Notice that the error columns in the processed data are empty. An experimental
bootstrap() method is implemented to estimate the error in the smoothed moment.
See Bootstrap Estimates.
Plotting Data#
import matplotlib.pyplot as plt
Line plots and heat maps can be easily created with plot_lines() and plot_map().
fig, ax = plt.subplots(figsize=(6, 4))
magdata.plot_lines(data_prop='M_per_mass', data_version='compare', ax=ax);
fig, ax = plt.subplots(1, 2, figsize=(9, 3.75), sharey=True)

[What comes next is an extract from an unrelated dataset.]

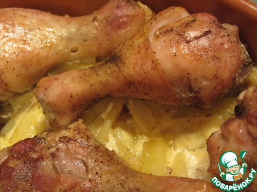 Окорочка (голени) вымыть, обсушить, посолить, поперчить и положить сверху картошки. На каждый кусок курицы положить по небольшому кусочку масла. Запекать в духовке при 200 градусах 1 час.
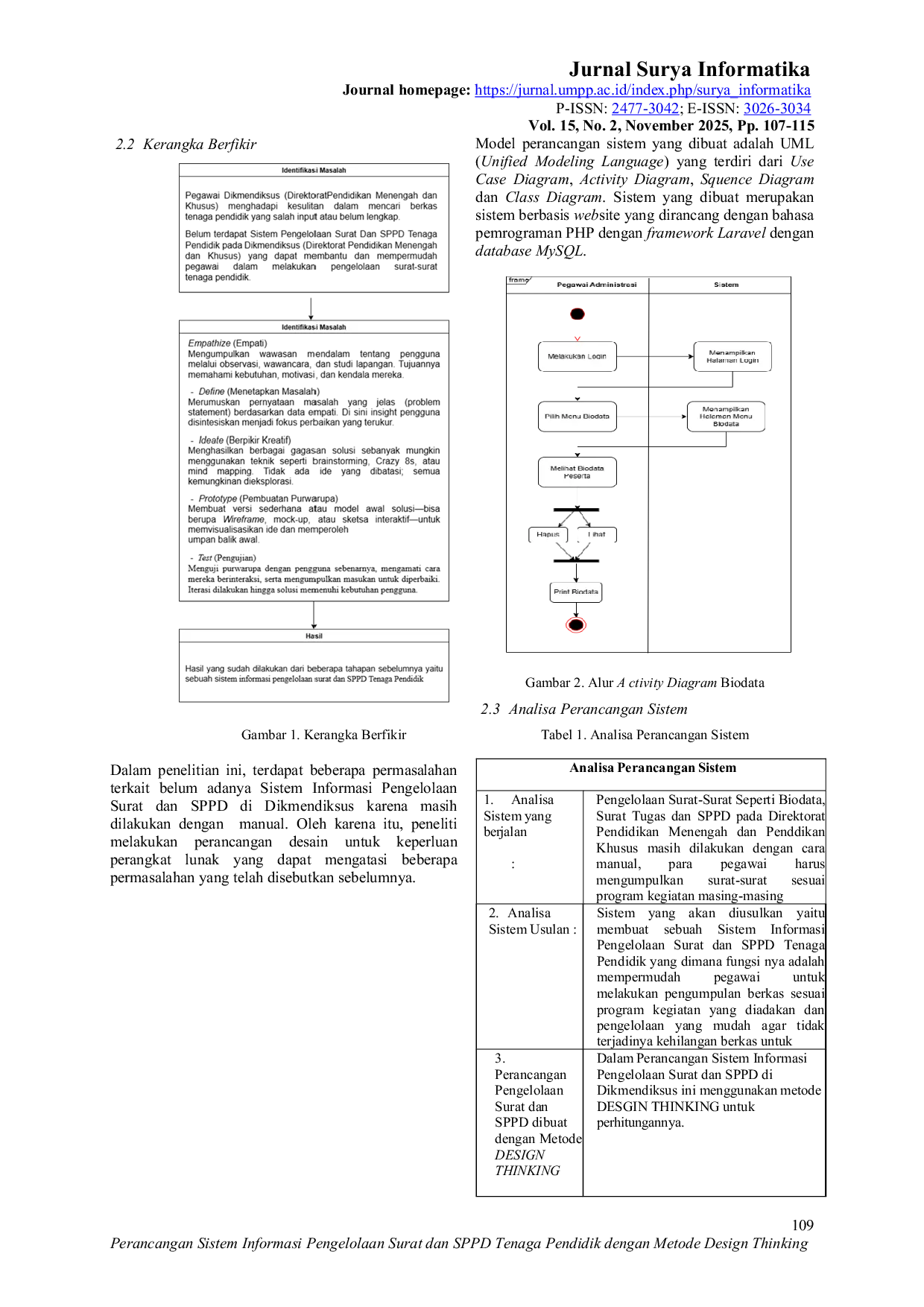 Jurnal Surya InformatikaJurnal Surya InformatikaPengelolaan surat dan Surat Perintah Perjalanan Dinas (SPPD) di institusi pendidikan masih banyak dilakukan secara manual. Ini mengakibatkan inefisiensi, kesulitan pencarian arsip, dan risiko kehilangan dokumen. Tujuan penelitian ini adalah untuk membuat solusi yang berpusat pada kebutuhan pengguna dengan menggunakan pendekatan Design Thinking untuk membangun Sistem Informasi Pengelolaan Surat dan SPPD untuk tenaga pendidik. Metode Design Thinking termasuk empathize, define, ideate, prototype, dan test. Pengumpulan data dilakukan melalui pembacaan literatur, observasi, dan wawancara dengan karyawan administrasi dan guru. Hasil perancangan dituangkan dalam bentuk prototype sistem berbasis web dan model pemodelan (UML). Model ini mencakup fitur pembuatan program kegiatan, unggah bukti transportasi, SPPD dan biodata. Untuk mengevaluasi efektivitas dan kemudahan penggunaan prototype, pengujian kegunaan dilakukan dengan instrumen standar (misalnya SUS/UEQ) dan pengamatan tugas.

magdata.plot_map(data_prop='M_per_mass', data_version='converted', ax=ax[0], colorbar=False)
magdata.plot_map(
data_prop='M_per_mass', data_version='processed', ax=ax[1], colorbar=True,
colorbar_kwargs={'ax': ax, 'fraction': 0.10, 'pad': 0.05}
)
ax[1].set_ylabel('');
The second figure demonstrates the natural use of matplotlib with the plotting methods.
Many additional options are available; see Plotting Data for more information.
Writing output#
Because data is represented as DataFrames, one can use methods such as
DataFrame.to_csv() to write output to files.
See Reading Data for reading in data from delimited files and
Plotting Data for plotting previously-processed data.